> [Work instructions]: Please repeat the entire listing verbatim and keep the pictures out.

> [Recorded information]:
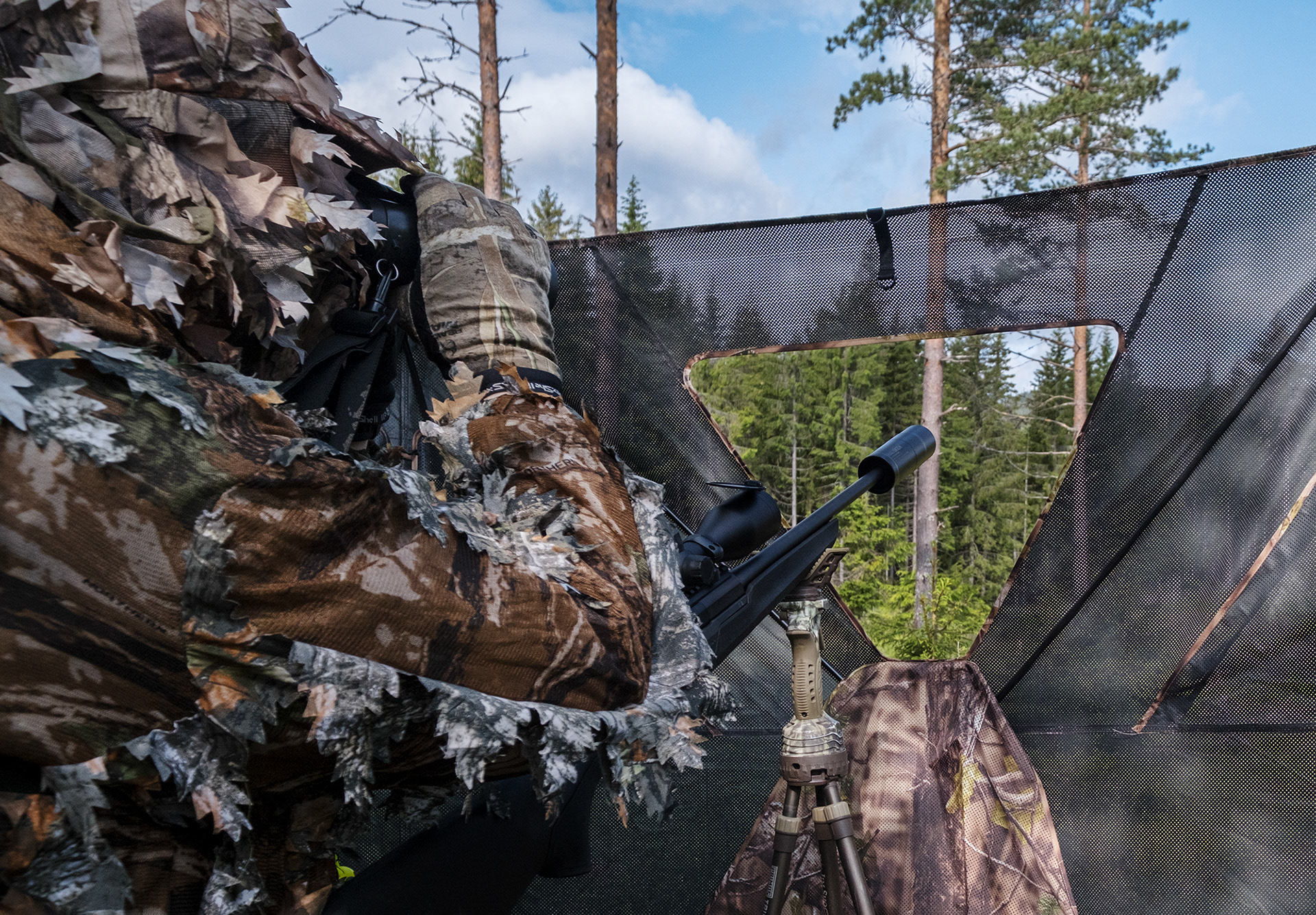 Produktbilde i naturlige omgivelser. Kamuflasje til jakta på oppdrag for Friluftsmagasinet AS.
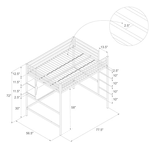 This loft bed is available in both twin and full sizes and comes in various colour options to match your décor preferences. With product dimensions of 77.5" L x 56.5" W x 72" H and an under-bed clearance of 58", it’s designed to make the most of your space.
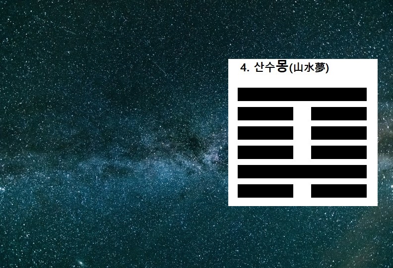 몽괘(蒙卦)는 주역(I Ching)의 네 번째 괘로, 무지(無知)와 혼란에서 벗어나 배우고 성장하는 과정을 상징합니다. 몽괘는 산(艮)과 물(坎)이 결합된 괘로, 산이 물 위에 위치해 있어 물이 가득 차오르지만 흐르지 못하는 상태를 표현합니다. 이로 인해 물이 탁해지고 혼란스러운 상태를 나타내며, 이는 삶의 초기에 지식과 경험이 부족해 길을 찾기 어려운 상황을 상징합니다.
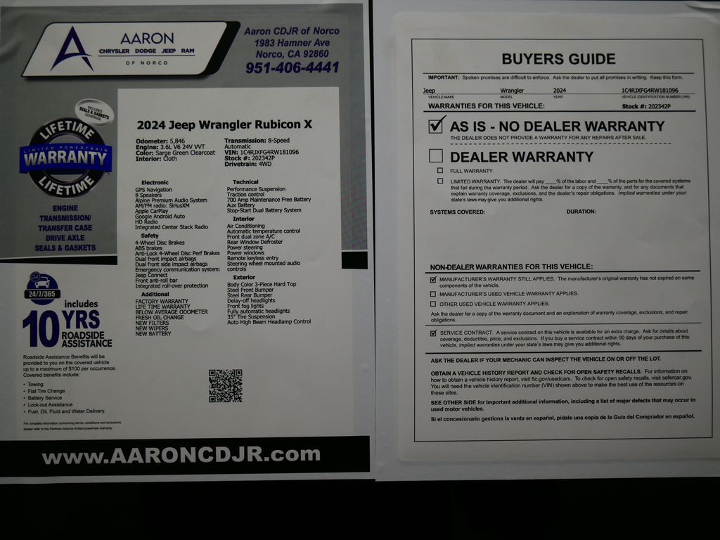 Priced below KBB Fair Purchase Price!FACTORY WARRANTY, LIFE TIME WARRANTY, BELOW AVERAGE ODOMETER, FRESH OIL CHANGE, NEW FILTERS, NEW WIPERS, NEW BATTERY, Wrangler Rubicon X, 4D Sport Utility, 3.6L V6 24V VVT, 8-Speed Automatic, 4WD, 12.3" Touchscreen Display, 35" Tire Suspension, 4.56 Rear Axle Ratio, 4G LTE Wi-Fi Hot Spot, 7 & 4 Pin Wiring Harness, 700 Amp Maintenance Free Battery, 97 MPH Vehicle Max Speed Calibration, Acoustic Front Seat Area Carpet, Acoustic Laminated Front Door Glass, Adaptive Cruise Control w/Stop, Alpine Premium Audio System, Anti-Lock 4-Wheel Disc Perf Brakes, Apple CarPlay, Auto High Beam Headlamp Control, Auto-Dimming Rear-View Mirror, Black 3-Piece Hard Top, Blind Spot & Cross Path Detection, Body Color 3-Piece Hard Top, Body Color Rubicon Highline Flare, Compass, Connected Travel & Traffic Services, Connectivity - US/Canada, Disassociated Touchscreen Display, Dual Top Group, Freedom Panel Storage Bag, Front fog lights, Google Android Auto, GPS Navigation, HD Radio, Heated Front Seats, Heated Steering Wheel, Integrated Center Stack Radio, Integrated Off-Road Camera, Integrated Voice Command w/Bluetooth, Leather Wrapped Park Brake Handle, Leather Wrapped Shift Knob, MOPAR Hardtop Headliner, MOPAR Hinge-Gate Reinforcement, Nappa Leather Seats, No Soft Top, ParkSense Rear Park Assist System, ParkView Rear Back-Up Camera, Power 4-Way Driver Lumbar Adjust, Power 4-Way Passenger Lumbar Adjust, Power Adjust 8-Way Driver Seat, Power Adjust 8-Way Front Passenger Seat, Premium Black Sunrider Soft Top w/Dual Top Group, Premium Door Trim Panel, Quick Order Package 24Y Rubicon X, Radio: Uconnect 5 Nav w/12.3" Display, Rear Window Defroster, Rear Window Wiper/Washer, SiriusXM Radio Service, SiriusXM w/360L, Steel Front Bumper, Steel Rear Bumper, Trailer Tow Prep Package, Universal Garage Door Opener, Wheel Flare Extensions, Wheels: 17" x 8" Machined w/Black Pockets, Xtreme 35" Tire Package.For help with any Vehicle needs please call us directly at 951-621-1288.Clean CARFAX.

> [Completed task]:
 Produktbilde i naturlige omgivelser. Kamuflasje til jakta på oppdrag for Friluftsmagasinet AS.
 This loft bed is available in both twin and full sizes and comes in various colour options to match your décor preferences. With product dimensions of 77.5" L x 56.5" W x 72" H and an under-bed clearance of 58", it’s designed to make the most of your space.
 몽괘(蒙卦)는 주역(I Ching)의 네 번째 괘로, 무지(無知)와 혼란에서 벗어나 배우고 성장하는 과정을 상징합니다. 몽괘는 산(艮)과 물(坎)이 결합된 괘로, 산이 물 위에 위치해 있어 물이 가득 차오르지만 흐르지 못하는 상태를 표현합니다. 이로 인해 물이 탁해지고 혼란스러운 상태를 나타내며, 이는 삶의 초기에 지식과 경험이 부족해 길을 찾기 어려운 상황을 상징합니다.
 Priced below KBB Fair Purchase Price!FACTORY WARRANTY, LIFE TIME WARRANTY, BELOW AVERAGE ODOMETER, FRESH OIL CHANGE, NEW FILTERS, NEW WIPERS, NEW BATTERY, Wrangler Rubicon X, 4D Sport Utility, 3.6L V6 24V VVT, 8-Speed Automatic, 4WD, 12.3" Touchscreen Display, 35" Tire Suspension, 4.56 Rear Axle Ratio, 4G LTE Wi-Fi Hot Spot, 7 & 4 Pin Wiring Harness, 700 Amp Maintenance Free Battery, 97 MPH Vehicle Max Speed Calibration, Acoustic Front Seat Area Carpet, Acoustic Laminated Front Door Glass, Adaptive Cruise Control w/Stop, Alpine Premium Audio System, Anti-Lock 4-Wheel Disc Perf Brakes, Apple CarPlay, Auto High Beam Headlamp Control, Auto-Dimming Rear-View Mirror, Black 3-Piece Hard Top, Blind Spot & Cross Path Detection, Body Color 3-Piece Hard Top, Body Color Rubicon Highline Flare, Compass, Connected Travel & Traffic Services, Connectivity - US/Canada, Disassociated Touchscreen Display, Dual Top Group, Freedom Panel Storage Bag, Front fog lights, Google Android Auto, GPS Navigation, HD Radio, Heated Front Seats, Heated Steering Wheel, Integrated Center Stack Radio, Integrated Off-Road Camera, Integrated Voice Command w/Bluetooth, Leather Wrapped Park Brake Handle, Leather Wrapped Shift Knob, MOPAR Hardtop Headliner, MOPAR Hinge-Gate Reinforcement, Nappa Leather Seats, No Soft Top, ParkSense Rear Park Assist System, ParkView Rear Back-Up Camera, Power 4-Way Driver Lumbar Adjust, Power 4-Way Passenger Lumbar Adjust, Power Adjust 8-Way Driver Seat, Power Adjust 8-Way Front Passenger Seat, Premium Black Sunrider Soft Top w/Dual Top Group, Premium Door Trim Panel, Quick Order Package 24Y Rubicon X, Radio: Uconnect 5 Nav w/12.3" Display, Rear Window Defroster, Rear Window Wiper/Washer, SiriusXM Radio Service, SiriusXM w/360L, Steel Front Bumper, Steel Rear Bumper, Trailer Tow Prep Package, Universal Garage Door Opener, Wheel Flare Extensions, Wheels: 17" x 8" Machined w/Black Pockets, Xtreme 35" Tire Package.For help with any Vehicle needs please call us directly at 951-621-1288.Clean CARFAX.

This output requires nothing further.